▶ [Task statement]
Beginning with the line containing "Стеклянный коричневый флакон", transcribe every line exactly down to the last one in the records below, and drop the pictures.

--- Provided entries Enclosed Below ---

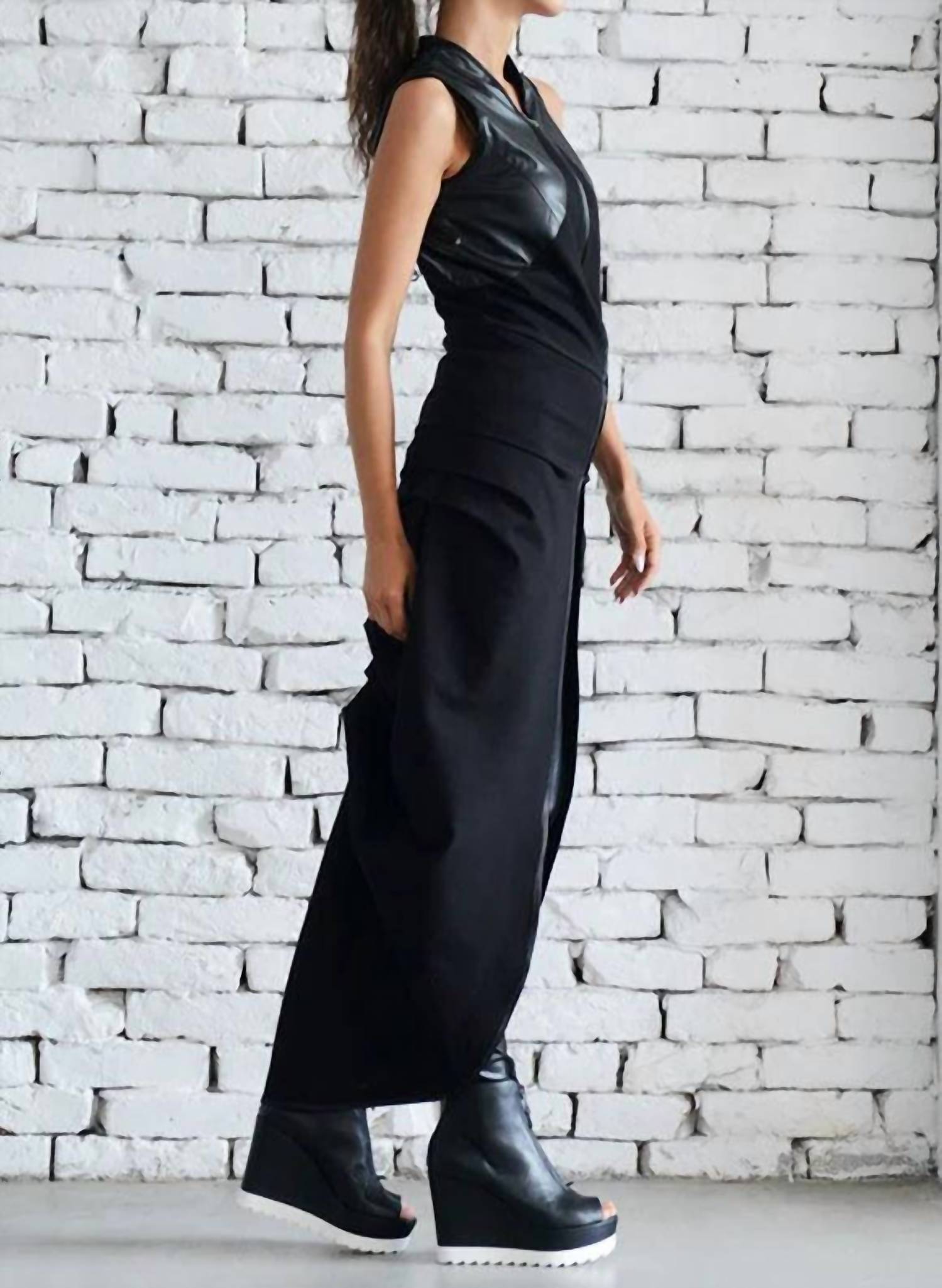 A vest so versatile you can mix and match it with almost any outfit and it will feel brand new every time. Meet the Asymmetric Vest by Metamorfosi, designed for contemporary elegance in classic black. This sleeveless vest is crafted from Punto Di Milano heavy knitted fabric, comprising 65% viscose, 30% polyamide, and 5% elastane, combined with 100% polyester eco leather, offering both comfort and unique style. With an impressive length of approximately 140 cm (55 inches) at its longest point, this solid-pattern vest features a V-neckline and zip closure for a flattering silhouette. Care: Wash at 30°C, iron at a maximum of 110°C (avoid ironing leather parts), do not bleach, do not tumble dry.
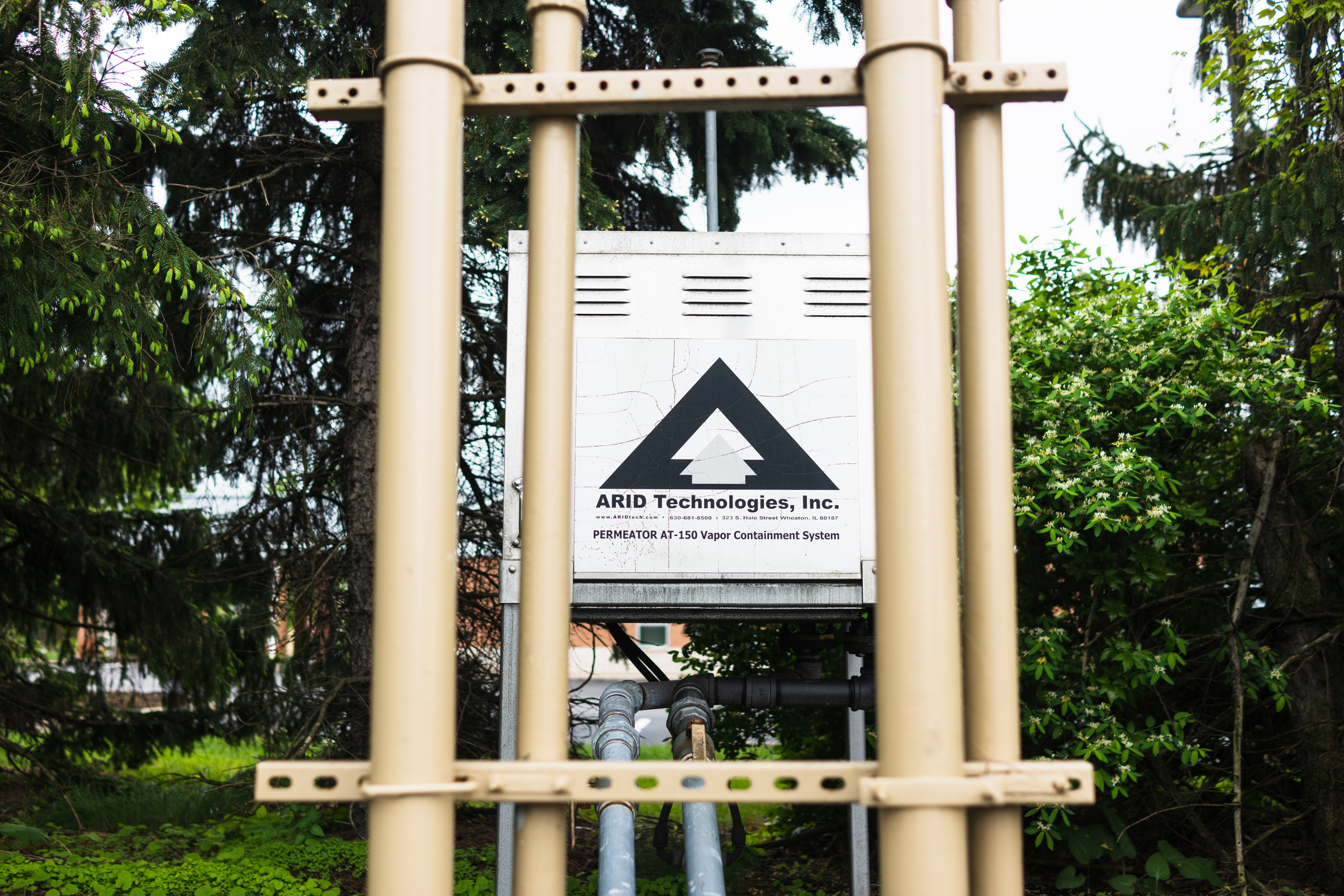The photograph captures an industrial unit branded 'ARID Technologies, Inc.' framed by metal poles and surrounding lush greenery. The contrast between the mechanical structure and the natural elements evokes a sense of coexistence, while the overcast lighting lends a subdued, contemplative mood. The composition draws the eye to the logo, emphasizing the blend of technology amidst nature.
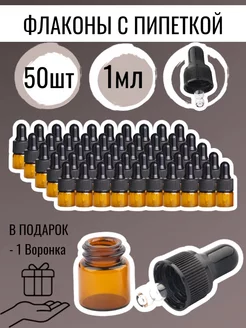 Стеклянный коричневый флакон 1 мл. с пипеткой - 50 шт
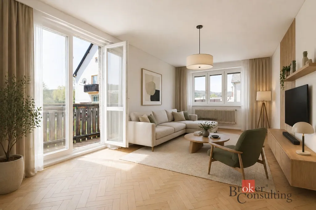 Součástí bytu je také balkon, který nabízí příjemné místo k odpočinku, posezení s kávou nebo pěstování květin.
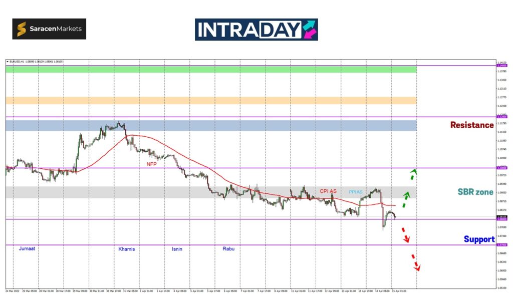 Sekiranya penurunan diteruskan hari ini, harga dilihat akan menuju ke paras sokongan terbaru pada sekitar 1.07000 yang sebelum ini pernah menyokong harga pada dagangan Mac 2020, untuk harga terus mencatatkan paras terendah terbaru 2 tahun.
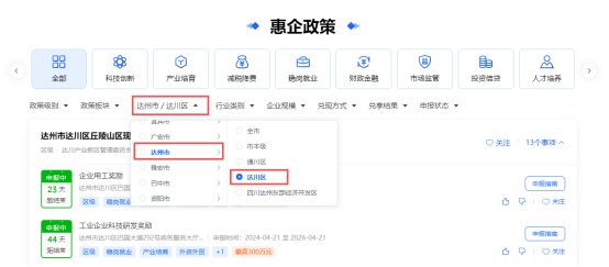 2、方式一:选择达州市/达川区,查看达川区惠企政策及惠企事项。
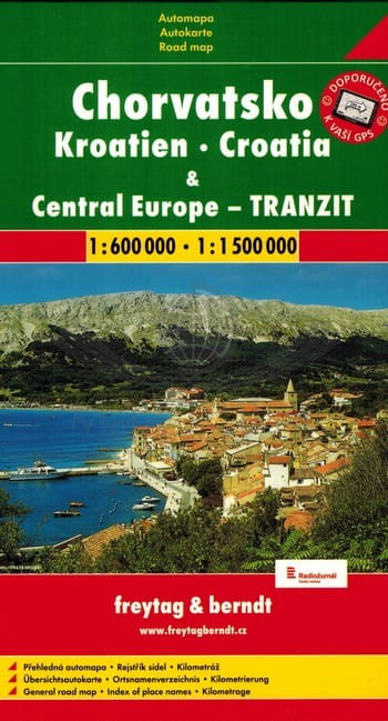 Składana mapa samochodowa Chorwacji w skali 1:600 000 oraz mapa tranzytowa centralnej Europy w skali 1:1 500 000. Legenda w języku: polskim, czeskim, niemieckim, angielskim, francuskim, słowackim, węgierskim oraz rosyjskim...

--- End of Enclosed Provided entries ---

▶ [Output of the task]
 Стеклянный коричневый флакон 1 мл. с пипеткой - 50 шт
 Součástí bytu je také balkon, který nabízí příjemné místo k odpočinku, posezení s kávou nebo pěstování květin.
 Sekiranya penurunan diteruskan hari ini, harga dilihat akan menuju ke paras sokongan terbaru pada sekitar 1.07000 yang sebelum ini pernah menyokong harga pada dagangan Mac 2020, untuk harga terus mencatatkan paras terendah terbaru 2 tahun.
 2、方式一:选择达州市/达川区,查看达川区惠企政策及惠企事项。
 Składana mapa samochodowa Chorwacji w skali 1:600 000 oraz mapa tranzytowa centralnej Europy w skali 1:1 500 000. Legenda w języku: polskim, czeskim, niemieckim, angielskim, francuskim, słowackim, węgierskim oraz rosyjskim...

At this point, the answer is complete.